- _SOURCE DATA_
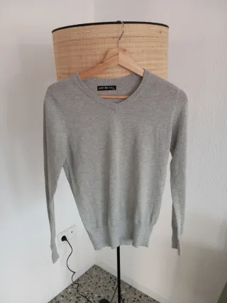 Jersey de punto fino color gris con cuello en pico. Sin usar. - Manga larga. - Diseño liso. - Bajo y puños acanalados.
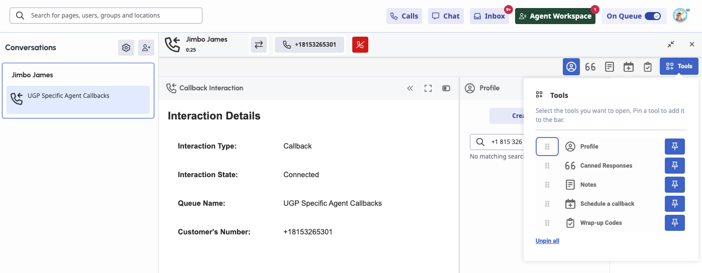 For Voice and Callback interactions, the script loads directly in the center of the screen, which is why it doesn't appear under the "Tools" tab.
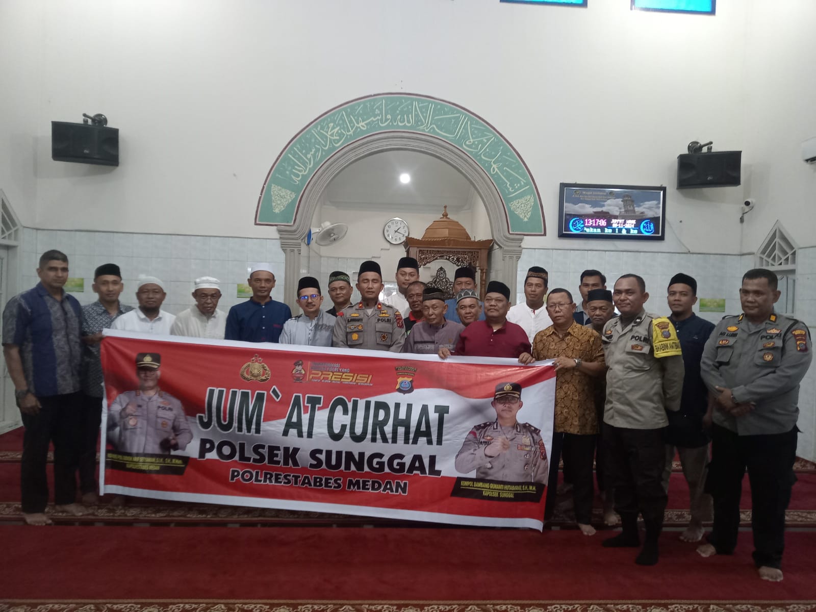 Selanjutnya usai melaksanakan sholat Jumat, Kapolsek Sunggal Kompol Bambang Gunanti Hutabarat di hadapan jamaah Mesjid menyampaikan pesan Kamtibmas.

- _INSTRUCTIONS FOR THE TASK_
None of the pictures belong in the copy. Write out exactly the lines from the line that holds "For Voice and" through the last line of the listing above, both ends included.

- _ANSWER BOX_
 For Voice and Callback interactions, the script loads directly in the center of the screen, which is why it doesn't appear under the "Tools" tab.
 Selanjutnya usai melaksanakan sholat Jumat, Kapolsek Sunggal Kompol Bambang Gunanti Hutabarat di hadapan jamaah Mesjid menyampaikan pesan Kamtibmas.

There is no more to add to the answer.